Third, LLMQ implements ZeRO‑1 style sharding of optimizer states by default, and additionally allows independent sharding of model weights and gradients. Because current consumer GPUs cannot communicate directly over PCIe, weights are cached on the host; they are transferred once per optimizer step and then reused for subsequent forward/backward passes, dramatically reducing traffic. The LM‑head and embedding layers, which have huge vocabularies, are replicated across GPUs to avoid excessive communication; only their gradients are synchronized.

Fourth, the training pipeline uses mixed‑precision: the core matrix multiplications (attention and feed‑forward) run in FP8, while non‑linearities, RMSNorm, embeddings, LM‑head, and gradient accumulation stay in BF16. Dynamic tensor‑level abs‑max scaling is applied just‑in‑time before FP8 quantization, guaranteeing no clipping even when tensor statistics change rapidly. This approach preserves the numerical stability of gradient accumulation while exploiting the compute efficiency of FP8 tensor cores on recent Ada (RTX 40xx) and Blackwell (RTX 50xx) GPUs.

Fifth, LLMQ is written entirely in C++/CUDA with deterministic kernels. Reductions are performed via a two‑step process (local accumulation followed by a global kernel) to avoid nondeterministic atomics. Embedding backward passes are made deterministic by sorting token indices on the CPU, allowing each thread block to work on a contiguous token subset without large intermediate buffers. Randomness needed for stochastic rounding is generated with counter‑based PRNGs that require no per‑thread state.

Sixth, a custom communication backend leverages the GPU copy engine to overlap data movement with computation. This “copy‑engine based collectives” approach yields higher throughput than NCCL on consumer hardware. The framework also fuses certain operations (e.g., RMS‑norm + residual addition) and returns the abs‑max of the result in the same kernel, eliminating extra passes.
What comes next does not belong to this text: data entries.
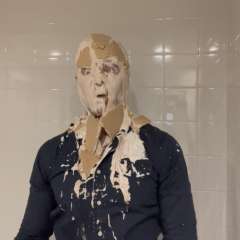 Millfoll was surprised by Seangunge with a big sloppy cream pie to the face
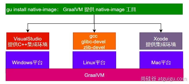 - 把应用打包成能适配本机平台 的可执行文件(机器码、本地镜像)
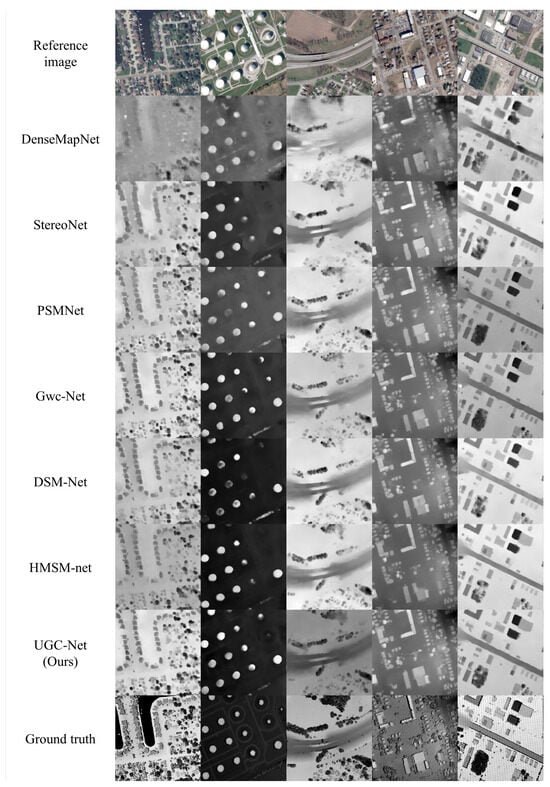 The WHU-Stereo dataset [32] consists of data collected from six regions in China. We set the disparity range to and conducted training accordingly. Table 5 presents the quantitative results for each of the six regions within the WHU-Stereo dataset. Table 6 provides a quantitative comparison of the entire test dataset of WHU-Stereo. The models trained on the US3D and WHU-Stereo datasets differ slightly. In the case of the US3D dataset, due to its relatively small disparity range, the context and geometry cost volumes were trained with 32 channels. On the other hand, for the WHU-Stereo dataset, which has a wider disparity range, the context and geometry cost volumes were reduced to 8 channels to facilitate training. As a result, the proposed model trained on the WHU-Stereo dataset shows lower performance compared to the model trained on the US3D dataset. Nevertheless, our approach outperforms conventional networks and achieves state-of-the-art performance. Figure 5 shows the qualitative comparisons for the WHU-Stereo dataset.
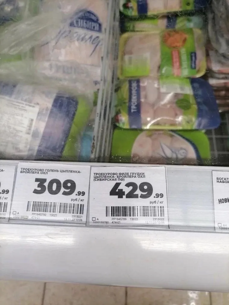 Жителей города Березники (Пермский край) возмутила стоимость куриного мяса в одном из магазинов. Покупателям предлагают филе грудки цыпленка-бройлера за 429,99 рублей, а голень за 309,99 рублей. Фотография с ценами опубликована в группе «ЧП Березники» в соцсети «ВКонтакте».
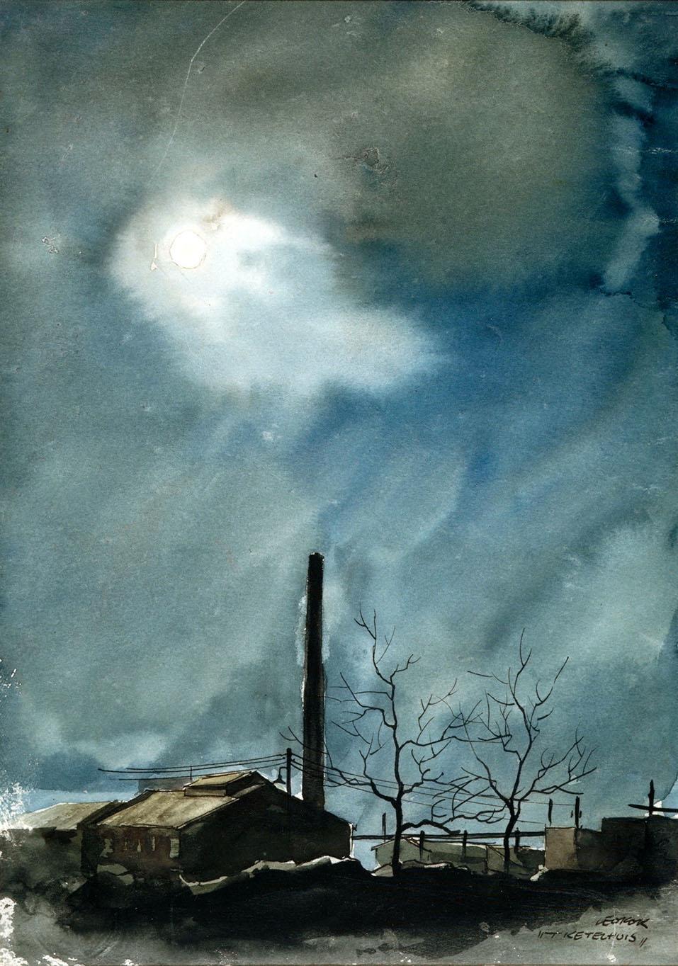Het ketelhuis van Westerbork, half in contouren aangegeven tegen een zwartblauwe nachtelijke hemel met volle maan.
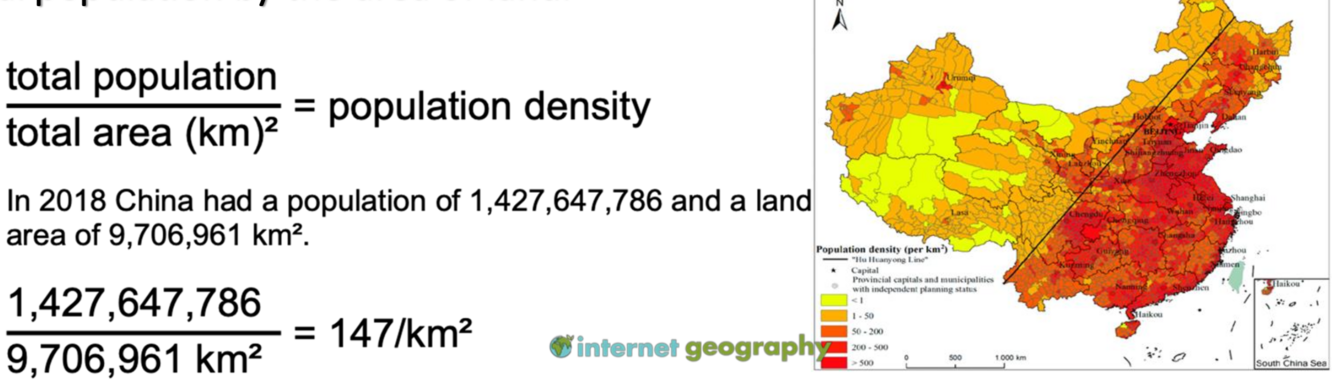 Describes the average number of people living in a given area, calculated by dividing the total population by the area of land (usually km²).

Performance results demonstrate the effectiveness of these techniques. On a single RTX 4090, LLMQ trains a 14 B model at 4 300 tokens/s with 61 % Model FLOPs Utilization (MFU). On a workstation with four RTX 4090s, it reaches 7 800 tokens/s for a 14 B model (54 % MFU) and 3 400 tokens/s for a 32 B model (51 % MFU). By contrast, a professional L40S GPU achieves only ~29 % MFU under similar conditions. Even a modest RTX 5060Ti (16 GB) can pre‑train a 7 B model with 70 % MFU by off‑loading optimizer states and residuals to host memory. The authors also report successful runs on the new HP ZGX Spark system equipped with a Blackwell‑architecture GPU and unified memory.

In summary, LLMQ shows that with careful memory management, dynamic low‑precision scaling, and a GPU‑centric communication strategy, consumer‑grade GPUs can approach the efficiency of data‑center accelerators for medium‑scale LLM training. The work opens the door for researchers and developers to conduct large‑model experiments locally, reducing reliance on costly cloud resources. Future directions include scaling beyond a single node, integrating NVMe‑based off‑loading, and designing optimizers that operate natively in FP8 to further shrink the memory footprint.